Esta é uma daquelas histórias que poderia facilmente figurar num livro da Disney – isto se, um dia, tratarem de escrever uma versão mais indie do universo escrito a direito por Walt. Numa questão de semanas, Cátia Mazari Oliveira apareceu-nos em toda a parte: na redacção do Público para um concerto/entrevista, nas Fnac`s para uma série de showcases, ou até num directo na RTP 2, que contou com a inesperada participação da sua avó. E se, para alguns, esta história de uma Cinderela moderna poderá parecer fruto do acaso ou não passar de um mero capricho da Providência, para outros trata-se apenas de uma coisa: puro talento.

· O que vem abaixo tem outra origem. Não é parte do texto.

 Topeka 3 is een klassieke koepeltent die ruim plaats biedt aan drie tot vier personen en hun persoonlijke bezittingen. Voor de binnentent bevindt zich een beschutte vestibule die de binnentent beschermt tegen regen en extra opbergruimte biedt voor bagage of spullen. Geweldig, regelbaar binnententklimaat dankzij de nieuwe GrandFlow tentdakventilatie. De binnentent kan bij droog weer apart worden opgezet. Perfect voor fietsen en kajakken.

Basta ouvir os primeiros acordes e rimas de “No Dia do Teu Casamento”, single que nos conduz pela mão através da “Rua das Marimbas”, para perceber que A Garota Não possui algo de singular: uma mistura rara entre a genuinidade e o apurado olhar social e humano, numa escrita apurada, poética e não raras vezes em ferida, capaz de espremer a alma em versos que se ouvem e teimam em permanecer após o silêncio se instalar.

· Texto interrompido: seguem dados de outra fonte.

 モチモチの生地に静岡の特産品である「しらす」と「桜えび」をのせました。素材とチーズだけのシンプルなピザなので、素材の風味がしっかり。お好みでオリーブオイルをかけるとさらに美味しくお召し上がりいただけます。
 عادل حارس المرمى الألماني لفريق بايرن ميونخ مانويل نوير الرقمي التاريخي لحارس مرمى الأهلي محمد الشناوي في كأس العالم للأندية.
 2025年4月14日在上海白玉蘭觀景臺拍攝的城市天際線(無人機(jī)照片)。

Na noite de ontem, Setúbal compareceu em peso a um esgotado Pequeno Auditório do CCB, naquele que foi o primeiro concerto a sério de A Garota Não. Jogava-se em casa mas a tensão era palpável, num cenário do qual faziam parte uma ilustração a preto e branco dessa rua saída da imaginação de Cátia, ou uma daquelas mesas que encontramos na tasca do bairro, que ajudava a transmitir uma sensação de familiaridade.
Numa viagem que percorreu a Rua das Marimbas quase de uma ponta à outra, houve tempo e atrevimento para experimentar alguns temas novos, tocar versões de Fausto Bordalo Dias – “Porque me olhas assim” – e Criolo – “Casa de Mãe” – ou, através de uma canção-manifesto, homenagear José Mário Branco, dizendo-lhe que desde que nos cantou a Liberdade “o nosso chão tem sonhos e vontade”.
Em palco, para além de uma ajuda nos coros, estiveram dois parceiros que ajudaram a construir pedra a pedra esta rua: Sérgio Mendes, produtor de “Rua das Marimbas” – que fez parte dos Hands on Approach e é habitual companheiro de estrada de João Pedro Pais -, esteve entregue às guitarras, qual The Edge a tecer uma teia na qual podemos repousar sem medo de qualquer aranha; e Diogo Sousa, o prodigioso baterista que nos habituámos a ver ao lado de gente como Quarto Quarto, Tio Rex, Moullinex ou Savanna.
Para além do encanto vocal e de uma sinceridade desarmante e libertadora, A Garota Não mostrou ter também uma veia pulsante de stand up comediant, com piadas quase sempre em redor do universo setubalense que levaram muito boa gente às lágrimas – a história da escolha da indumentária a usar no concerto foi incrível. Tudo isto complementado com um discurso mais sério e uma forte componente humana, fosse numa palavra de lamento pelos refugiados que se aventuram no Mediterrâneo, por aqueles que sobrevivem a recibos verdes ou com as saudades de uma mãe que acabou por partir cedo. E ainda se lembrou de deixar, a cada um, um mimo debaixo do braço da cadeira. Do bairro para o mundo, esta garota é definitivamente um sim.